COLLECTED DATA:
/---
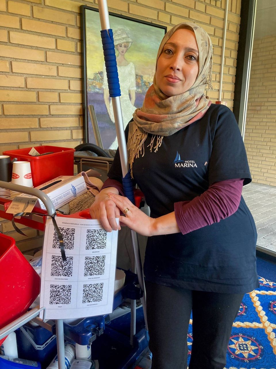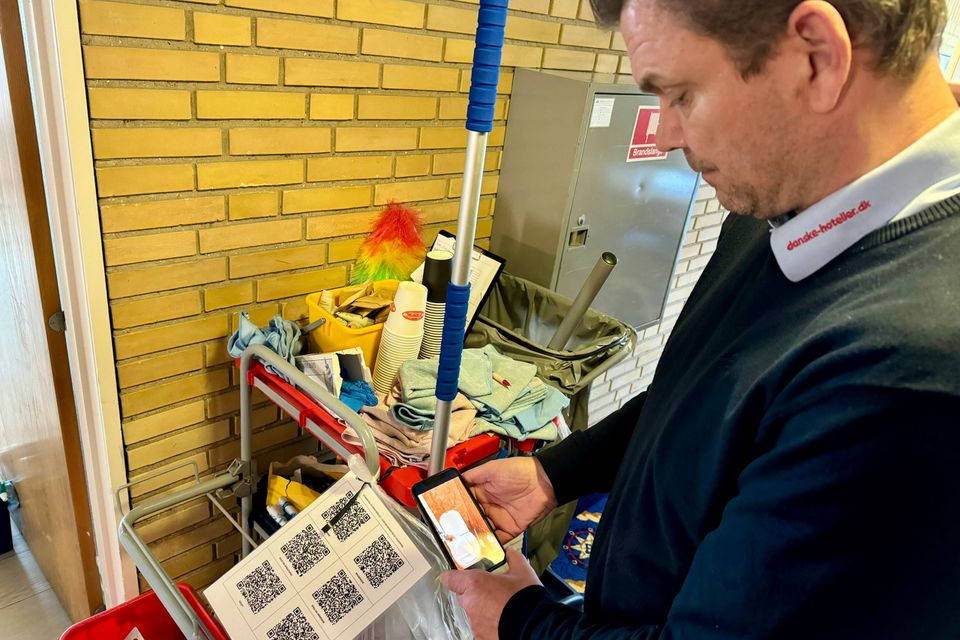 Videoerne får medarbejderne op på telefonen ved at scanne en QR-kode, som er sat fast på rengøringsvognen.
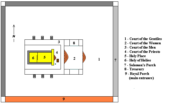On the western side of the Court of the Women were fifteen steps that led up to yet another enclosed courtyard known as the Court of Israel where only Jewish men were permitted to enter. These men could also enter this courtyard from the Court of the Gentiles through doors located on both the north and south sides of the temple. However, the Court of Israel had its bounds because beyond this section only the priests were permitted. This area was known as the Court of the Priests and is where the sacrificial animals were clean, prepared, and burnt on a large altar that measured thirty six feet square and stood fifteen feet high. Next to this altar of sacrifice were twelve steps that led up to the actual temple itself . While the men of Israel were permitted to watch the outdoor sacrifices being performed, no one but the priests were allowed to go inside the House of the Lord and only the High Priest was permitted to go into the holiest place inside the temple.
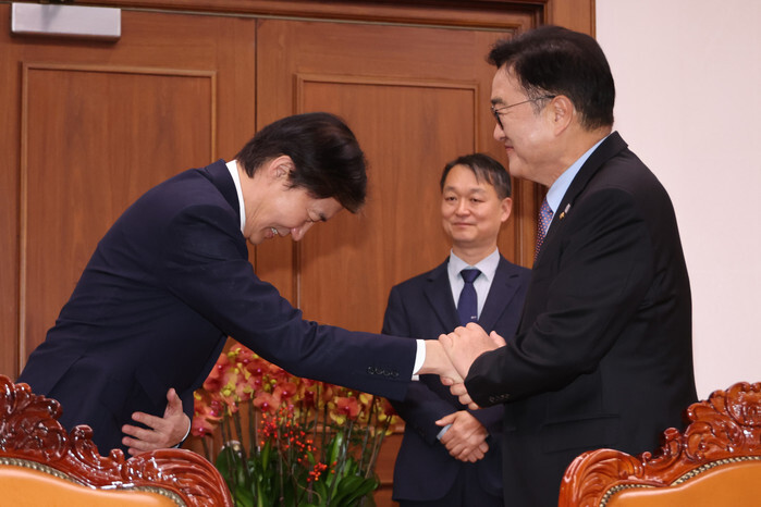 Cho Kuk (L), new leader of the minor Rebuilding Korea Party, shakes hands with National Assembly Speaker Woo Won-shik at the latter's office in Seoul on Nov. 25, 2025. (Yonhap)
\---
EXERCISE DESCRIPTION: Copy the listing in full and without alteration, omitting every picture.

TASK RESPONSE:
 Videoerne får medarbejderne op på telefonen ved at scanne en QR-kode, som er sat fast på rengøringsvognen.
On the western side of the Court of the Women were fifteen steps that led up to yet another enclosed courtyard known as the Court of Israel where only Jewish men were permitted to enter. These men could also enter this courtyard from the Court of the Gentiles through doors located on both the north and south sides of the temple. However, the Court of Israel had its bounds because beyond this section only the priests were permitted. This area was known as the Court of the Priests and is where the sacrificial animals were clean, prepared, and burnt on a large altar that measured thirty six feet square and stood fifteen feet high. Next to this altar of sacrifice were twelve steps that led up to the actual temple itself . While the men of Israel were permitted to watch the outdoor sacrifices being performed, no one but the priests were allowed to go inside the House of the Lord and only the High Priest was permitted to go into the holiest place inside the temple.
 Cho Kuk (L), new leader of the minor Rebuilding Korea Party, shakes hands with National Assembly Speaker Woo Won-shik at the latter's office in Seoul on Nov. 25, 2025. (Yonhap)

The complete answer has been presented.